Wendy Wood, Provost Professor of Psychology and Business and vice dean for social sciences, noted that Stone’s addition to the faculty is part of USC Dornsife’s goal of innovative hires in social research methods.
“His work will be important to other social science researchers on campus, and we should look forward to exciting collaborations across fields in the use of ecological momentary assessments,” Wood said. “Immediate reports of experiences provide a unique insight into many aspects of life. For example, these reports could be combined with other types of data, such as [global positioning system] GPS, to understand basic questions about city residents’ experience of mobility, or lack thereof, in traffic congestion.”
Stone brings with him more than three decades of experience in behavioral science and psychology. Prior to joining USC Dornsife, he was member of the faculty at Stony Brook University’s School of Medicine for 35 years. He currently holds the title of Emeritus Distinguished Professor of Psychiatry and Psychology at Stony Brook, where he was director of the Applied Behavioral Medicine Research Institute and vice chair of the Department of Psychiatry for many years.
Stone is a visiting scholar at the Woodrow Wilson School of Public and International Relations and a senior scientist with the Gallup Organization, an international research consulting company. He is also an elected fellow of the Academy of Behavioral Medicine Research, and has served as editor-in-chief of Health Psychology and Annals of Behavioral Medicine. He has edited The Science of the Self-Report (Psychology Press, 1999) and The Science of Real-Time Data Capture (Oxford University Press, 2007).
Stone said he looks forward to building on USC Dornsife’s vitality in the social sciences and establishing research collaborations with scientists at the university.
Stone and the researchers at CSS will collaborate with Norbert Schwarz, Provost Professor of Psychology and Marketing, in a new National Institute of Aging study on how people assess their health and quality of life as they age.
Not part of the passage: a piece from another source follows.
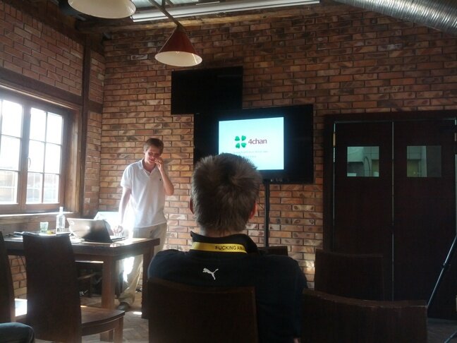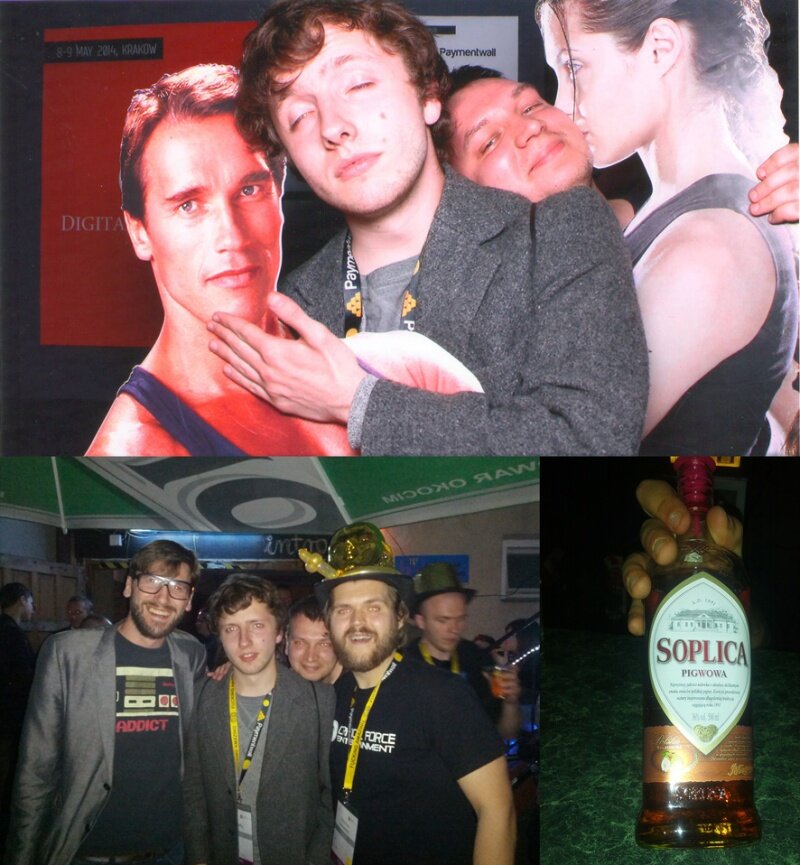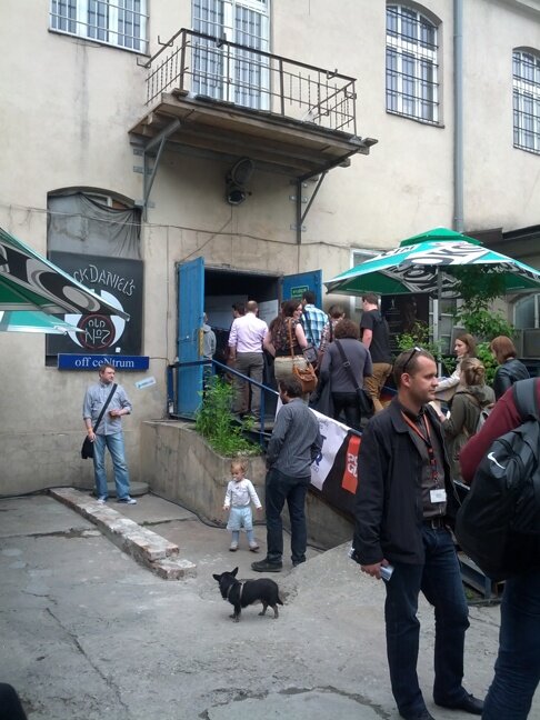 После нескольких дней прогулок по городу, настало время посетить саму конференцию. Точнее препати, на которое я подписался. Когда я нашел место препати у меня возникло страшно чувство, что конференция будет такой же. Валун встал в горле, когда действительно увидел очередь людей похожих на геймдевелоперов, стремящихся ворваться в это неприветливое здание. Очередь быстро рассосалась и где-то через полчаса я уже тусил внутри. Там было плохо, да. Расколошмаченный пол, побитый стены, похоже на андеграудную тусовку Wu-tang. Внутри было много народу, но не было особо тесно, мелькал зеленый свет, стояла куча бесплатного пива и народ что-то активно обсуждал по-польски. Почти сразу же я увидел отца прародителя живого и сущего, писателя бложика о флеше Вадима Старыгина (aka badim) с женой. До этого его я знал только по чатику и был настроен на встрече довольно скептически, поскольку он писал “ложу”, “споймал” и прочие вещи такого типа, после которых ясно, что общение с человеком будет не особо интересным, но блин, я никогда так не ошибался. Вадим оказался очень крутым собеседником и одним из самых интересных девов, с кем мне довелось общаться, если бы не он мое время на конфе сократилось бы значительно. На препати проходил Big Indie Pitch и правила вроде не особо отличались от описанных выше. Т.к. я не показывал игру и больше какого-то движения не было, мы сидели с пивом и чипсами и еще нарезанной морковкой (лолвут?). А Вадим в это время приз взял, можете узнать у него какой.

They will also work with Donna Spruijt-Metz, director of CESR’s Mobile and Connected Health Program, on a health initiative, which among other projects makes use of mobile sensors to help minority youth overcome obesity by tracking their physical activity. Stone has also begun to seek out research partnerships with the Keck School of Medicine of USC, the USC School of Social Work and the USC Institute for Health Promotion and Disease Prevention Research.
“There’s a very strong and growing presence in the behavioral sciences at USC,” Stone said. “There’s also a tremendously exciting collaborative spirit. We’re thrilled to be part of new projects and to contribute our expertise in self-report science to enhance research going on in CESR, in the USC Dornsife Department of Psychology and in the other schools at USC.”